At the same time, it may be a good strategy to overcome the inherent bias in the UK electoral system towards older generations (which in all likelihood will get worse at the next GE due to voter IDs) and deliver for the younger ones what they prefer. Indeed, in an intriguing column John Burn-Murdoch shows that the millennials do not seem to follow previous generations pattern of becoming more conservative with age, but at age 35 they are considerably more left-wing than previous age cohorts. That makes intuitive sense given the declining opportunities and living standards that generation is facing. To be a conservative you need to have something you want to conserve.

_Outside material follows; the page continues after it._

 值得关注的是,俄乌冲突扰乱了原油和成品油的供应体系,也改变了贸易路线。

There is a question mark over whether Starmer may be pushing his conservative, Brexit-embracing persona too far. The most striking element hinting at this possibility this week was Starmer’s attempt to reclaim the Brexiter slogan ‘taking back control’ for Labour by proposing a ‘take back control bill’. Opinions are very divided about whether that was a smart move or setting himself up for a backlash. Marketing scholar Thomas Robinson considered the move akin to Doppelgänger branding strategy, where a company uses a the motto or logo of a rival against the brand in order to repurpose it. Indeed, when Starmer says ‘take back control’ he is talking about decentralisation of the UK’s political system, rather than the Brexit promise of the British people – via parliamentary sovereignty – taking back control from Brussels (which in practice has turned into an all-powerful, largely unaccountable government taking back control from Parliament). This would be an important change in the British political system. Yet, given the fiscal conservatism Starmer seems to adhere to, the suggested decentralisation will not be backed up with sufficient financial means for local authorities to deliver the services they are meant to deliver. If that is case, decentralisation will only be a means for the Westminster government to shift blame for austerity to the local level.

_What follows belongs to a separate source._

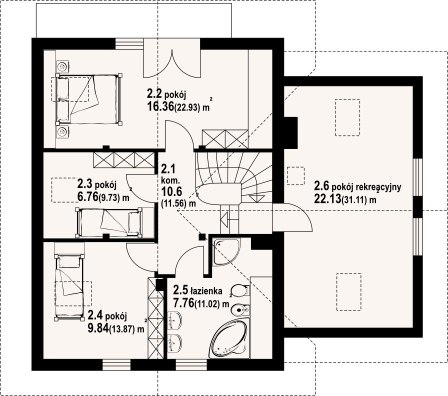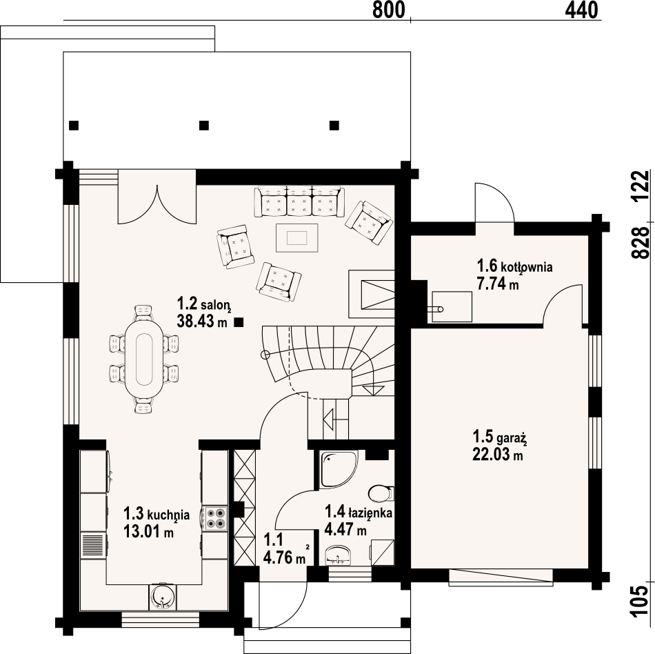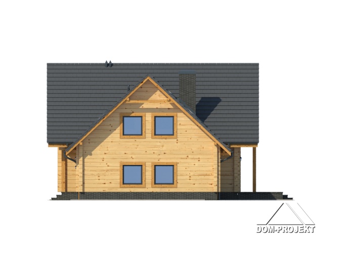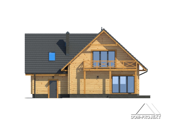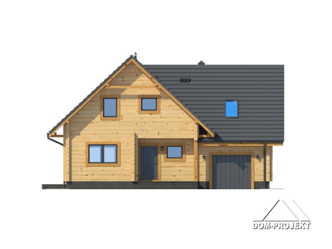 Funkcjonalny dom z użytkowym poddaszem. Na parterze duży salon z kominkiem, połączony z kuchnią. Schody z salonu prowadzą na poddasze, gdzie znajdują się trzy sypialnie, pokój rekreacyjny i łazienka. Dobudowana cześć gospodarcza mieści garaż i kotłownię.

Whichever is the case, to come back to my initial point, Starmer’s strategy is another case where the Brexit project is being attacked based on its implementation rather than its principle. Yes, we can and should take back control, but the Tories have done it wrong! That may be true, but the point is that Labour explicitly buys into the Tory discourse by saying we cannot spend our way out of the Tory mess, which is a very problematic statement given that underinvestment is a key reason for the Tory mess as Richard Murphy points out.

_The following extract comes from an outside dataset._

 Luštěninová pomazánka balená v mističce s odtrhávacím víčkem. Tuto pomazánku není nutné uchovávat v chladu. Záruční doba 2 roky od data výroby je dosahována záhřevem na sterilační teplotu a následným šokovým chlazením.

In short, then, we still seem quite a far way off the necessary honesty about the root causes of Brexit to move towards addressing the country’s political and economic problems. In political terms, if we only focus on pointing out that Brexiters have not delivered what they promised, we reduce the issue to a problem of policy implementation and perhaps competence, rather than exposing the fundamentally dishonest way in which Brexit was achieved. If we do that, Brexiters win that part of the post-Brexit narrative, which will have repercussions for British democracy for generations to come. In economic terms, the ‘culture wars’ are one of the key reasons why these problems are so difficult to tackle, because they prevent the necessary political coalition from emerging. Therefore, winning the culture wars is a key element in making the country ready to ‘move on’ from its current state.